Этот канонический портрет оспаривает инженер Керн, полагая, что «Чернышевский был прежде всего учёный экономист» выражает сомнение, сможет ли Фёдор Константинович «оценить достоинства и недостатки “Комментариев к Миллю”».14941 Александра Яковлевна, в свою очередь, возражает Керну, что «никакая история русской литературы не может обойти Чернышевского», однако недоумевает: «…какой Фёдору Константиновичу интерес писать о людях и временах, которых он по всему своему складу бесконечно чужд?». Пытаясь предположить, какой у него может быть «подход», она больше других приближается к пониманию его цели, хотя в самый её фокус и не попадает: если ему «хочется вывести на чистую воду прогрессивных критиков, то ему не стоит стараться. Волынский и Айхенвальд уже давно это сделали». Отвечая ей, Александр Яковлевич, напротив, решительно настаивает на том, что «при талантливом подходе к данному предмету, сарказм априори исключается, он ни при чём».14952

Писатель Сирин не мог, по крайней мере, не догадываться, что не только в кругах поэтов и критиков «парижской ноты», но и в целом, большая часть разночинного происхождения интеллигенции, революции не принявшая и оказавшаяся в эмиграции, тем не менее, к Чернышевскому продолжала относиться с пиететом.

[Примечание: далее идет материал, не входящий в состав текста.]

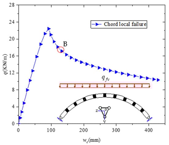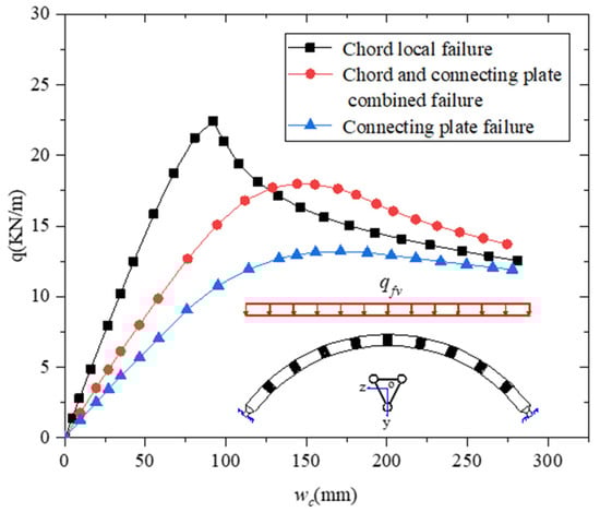 - Under FSUVL and HSUVL, three types of local failure modes of the plate-tube-connected steel circular arch with an inverted triangular cross section are observed. The main influencing factor in the local failure mode of the arch is the change in the stiffness of the connecting plate. A comparison of the three failure modes shows that the chord failure mode is better than the two other types. Therefore, the design of the arch can be controlled by the local failure of the chord. The proposed Equation (29) is used to check the strength of the chord local failure, and the ratio of should be less than 0.7 to ensure that the connecting plate remains in an elastic state.

И всё же Годунов-Чердынцев настаивает на своём: «Понимаешь, – объяснял он Зине, – я хочу всё это держать как бы на самом краю пародии… А чтобы с другого края была пропасть серьёзного, и вот пробираться по узкому хребту между своей правдой и карикатурой на неё».14963 Знакомясь с нужным ему материалом, Фёдор действительно заново «выводит на чистую воду» представителей так называемой «прогрессивной критики», за пятьдесят лет существования которой, «от Белинского до Михайловского, не было ни одного властителя дум, который не поиздевался бы над поэзией Фета».14974

Приведённое Долининым мнение Белинского о Фете (выраженное, правда, не в печати, а в частном письме): «…хорошо, но как же не стыдно тратить времени и чернил на такие вздоры?»14985 – идентично вердикту Мортуса, назвавшего стихи Кончеева «отвлечённо-певучими пьесками». Преемственность здесь явная, и обнаружена она Фёдором уже на начальном этапе его работы. В доказательство он приводит примеры и других «перлов» «симпатичного неуча» Белинского и, казалось бы, такого образованного человека, как Н.К. Михайловский (публициста, социолога, литературного критика, идеолога народничества), также, наряду с прочими «властителями дум» – Добролюбовым, Чернышевским, Писаревым, – позволявшего себе писать о Фете в издевательском тоне.14996

«Отсюда, – продолжает Фёдор, – был прямой переход к современному боевому лексикону, к стилю Стеклова (“…разночинец, ютившийся в порах русской жизни … тараном своей мысли клеймил рутинные взгляды”), к слогу Ленина…».15001 То есть следующий этап, уже собственно марксистской апологетики Чернышевского, унаследовал и канонизировал подход своих предшественников, ужесточая его и расширяя сферу его применения. «Русская проза, какие преступления совершаются во имя твоё!» – в отчаянии восклицает повествователь. Отслеживая истоки этих тенденций, Фёдор находит их признаки в рецензиях критика Н.А. Полевого на «Ревизор» и «Мертвые души» Гоголя (приводя подтверждающую это наблюдение цитату: «Лица – уродливые гротески, характеры – китайские тени, происшествия – несбыточны и нелепы»), что нашло продолжение в сходном, нарочито пренебрежительном тоне ведущих критиков либерально-народнического направления А.М. Скабичевского и Михайловского по отношению к «г-ну» Чехову.15012

Читая Помяловского, Некрасова, Герцена, Фёдор замечает тончайшие, свойственные каждому из них, оттенки смысла и стиля, – ляпсусов при этом, даже самомалейших, никому не прощая, – но, спохватившись, одёргивает себя: «Такой метод оценки, доведённый до крайности, был бы ещё глупее, чем подход к писателям и критикам как к выразителям общих мыслей».15023 Предпочтительнее, полагает Фёдор, «легко применимый критерий», определяющий гармоническое соотношение между формой и содержанием: с одной стороны, избегающий мелочной придирчивости к требованиям формы, – с другой же, само собой предполагающий, что отражение «общих мыслей» не может быть содержанием произведения настоящего творца.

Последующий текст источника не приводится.